This year’s Canada Day celebrations will certainly be a once in a generation event. We mark 150 years since Confederation and this landmark birthday is being celebrated all over the country with huge events, fireworks shows and much more.
The Canadian Federal Government announced that it would be spending approximately half a billion dollars on the 150th anniversary- which means it will be a massive party!
Canada Day 150 Events Happening in Toronto
The theme of this year’s celebrations will be TO Canada with Love and the city will also be hosting Canada 150 Mosaic, which is an exhibition of over 80,000 paintings and 150 individual murals across the country. Here are some of the exciting things that will be happening in Canada this weekend:
- Canada Days – Nathan Phillips Square – June 30-July 3, 2017
This exciting celebration will include arts, dance, food and musical performances from the Barenaked Ladies, Ron Sexsmith, Belly, Dvsn and Buffy Sainte Marie.
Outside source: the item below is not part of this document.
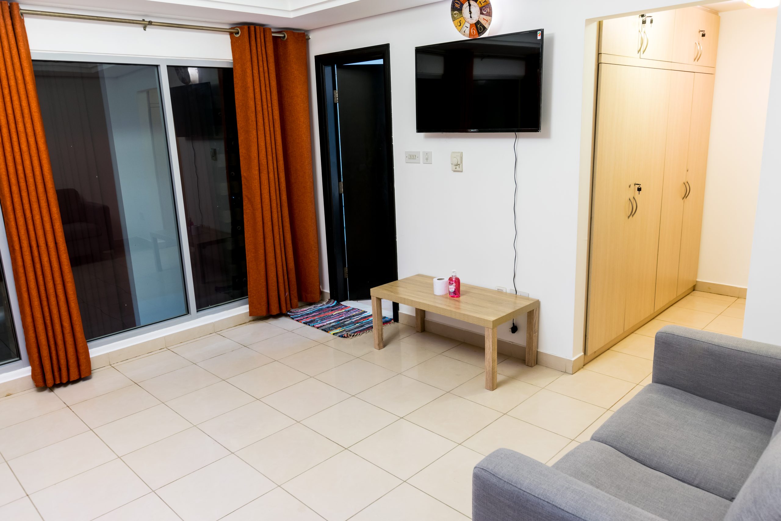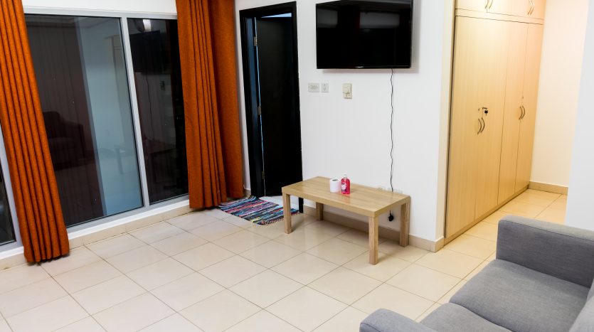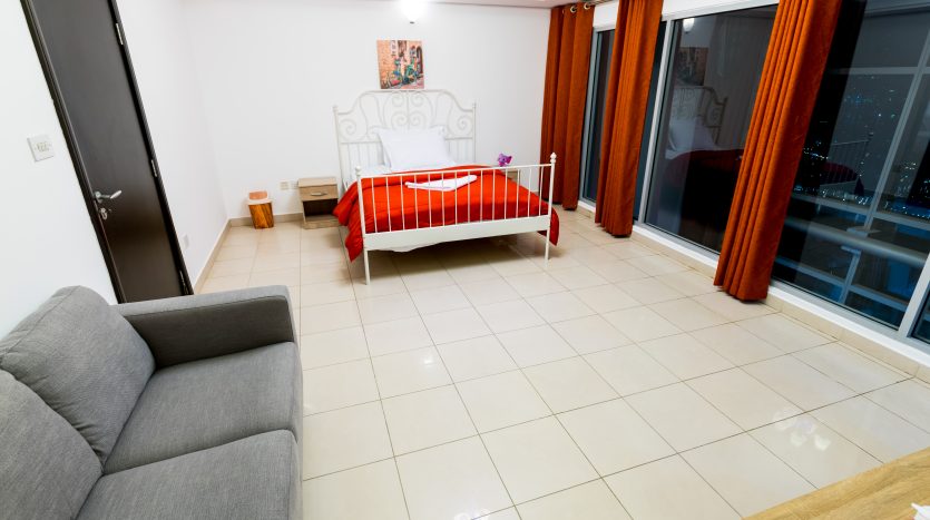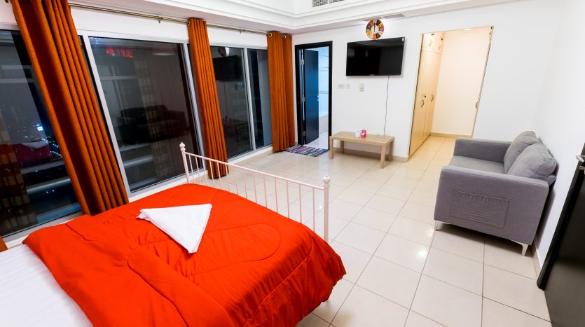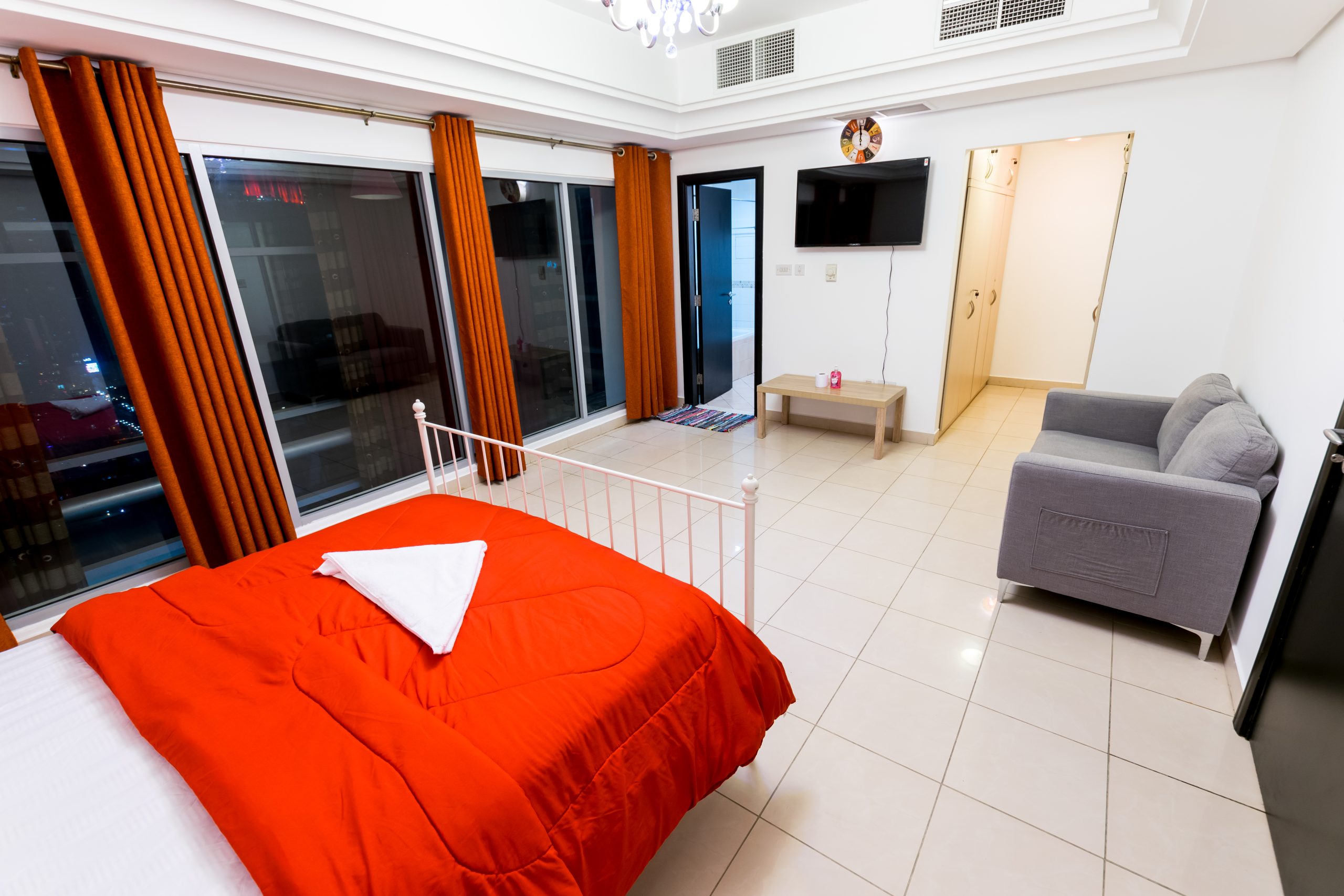 Upgrade your lifestyle with this elegant master room for females in La Riviera, Dubai Marina, featuring a non-openable window, sea view, attached bathroom, built-in cupboard, 40-60L fridge, and a 40-inch TV.

Celebrate Canada’s Birthday and your love of delicious barbequed ribs at this festival. The event will also feature live music, midway games, pony rides and much more.
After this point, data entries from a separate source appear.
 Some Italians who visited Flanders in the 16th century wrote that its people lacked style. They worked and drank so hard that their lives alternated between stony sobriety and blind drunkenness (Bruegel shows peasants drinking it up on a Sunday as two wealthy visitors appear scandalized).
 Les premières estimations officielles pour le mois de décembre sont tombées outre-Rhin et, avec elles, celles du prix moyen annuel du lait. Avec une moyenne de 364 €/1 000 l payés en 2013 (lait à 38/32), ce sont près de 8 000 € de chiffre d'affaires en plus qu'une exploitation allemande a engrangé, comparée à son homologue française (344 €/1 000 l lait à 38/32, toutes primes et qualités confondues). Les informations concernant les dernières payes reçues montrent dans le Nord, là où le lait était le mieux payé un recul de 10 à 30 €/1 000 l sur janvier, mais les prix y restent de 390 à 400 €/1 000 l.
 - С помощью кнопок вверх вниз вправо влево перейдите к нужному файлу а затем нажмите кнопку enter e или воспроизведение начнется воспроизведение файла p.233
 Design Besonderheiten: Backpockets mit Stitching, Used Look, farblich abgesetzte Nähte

Admission is free and celebrations will be taking place from 10am to 10pm, including roaming performers, music and dance performances, games, children’s activities and much more.
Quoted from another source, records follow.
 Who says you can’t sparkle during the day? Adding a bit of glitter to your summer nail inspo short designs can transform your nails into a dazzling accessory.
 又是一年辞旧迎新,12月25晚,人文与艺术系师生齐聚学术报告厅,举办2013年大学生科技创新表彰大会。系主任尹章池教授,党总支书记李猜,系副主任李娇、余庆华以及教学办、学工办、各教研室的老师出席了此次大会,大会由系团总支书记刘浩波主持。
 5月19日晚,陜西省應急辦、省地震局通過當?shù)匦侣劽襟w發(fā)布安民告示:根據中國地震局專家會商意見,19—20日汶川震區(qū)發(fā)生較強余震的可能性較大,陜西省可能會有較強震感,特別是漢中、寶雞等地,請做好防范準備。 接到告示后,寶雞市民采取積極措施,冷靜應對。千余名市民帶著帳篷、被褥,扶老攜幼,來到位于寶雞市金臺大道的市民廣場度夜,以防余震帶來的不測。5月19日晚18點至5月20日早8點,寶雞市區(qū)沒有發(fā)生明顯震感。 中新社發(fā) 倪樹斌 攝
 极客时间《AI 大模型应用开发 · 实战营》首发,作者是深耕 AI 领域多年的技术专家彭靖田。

While you are out and about, check out some of our favorite places to eat for brunch!
What Does Canada 150 Mean?
The year 2017 marks the 150 year point since Confederation. In 1867 the Dominion of Canada was created as per the British North America Act. This brought together the colonies of Nova Scotia, New Brunswick and the Province of Canada into one country – merging together English and French speaking Canada. The new Dominion of Canada was composed of four provinces, Quebec, Nova Scotia, Ontario and New Brunswick.
However, it could be argued that Canada as we know it is only turning 35 this year. It was in 1982 that Canada “patriated” the constitution, which allowed us to amend it without Britain’s approval. This was the event that enacted the Canadian Charter of Rights and Freedoms and it is when July 1st changed from “Dominion Day” to “Canada Day.”
But of course, this land is older than 150 and people lived in North America long before 1867. It was in 1142 that the Iroquois Confederacy was formed, which brought together five nations over the area which is now Canada, Kentucky, Ohio and Virginia and formed a “Great League of Peace.”
Even before that, the first evidence of human inhabitants in Canada has been dated back to 30,000 BCE – when people crossed over the Siberian land bridge as the Ice Age ended. A village discovered in British Columbia is one of the oldest human settlements in North America and pre-dates the pyramids.
Indigenous people have been living on this land for thousands and thousands of years and the ownership of the land is a contentious issue still not resolved, which is why many choose to celebrate Canada Day alternatively.
No matter how you measure it, these days the modern nation of Canada is a cultural melting pot that celebrates diversity and is home to a mosaic of different ethnicities and traditions. What does it mean to be Canadian? It’s more than just beaver and maple syrup and snow shovels and hockey: it’s our identity of kindness, politeness, inclusion, acceptance and understanding – which is certainly something to celebrate. Happy Canada Day!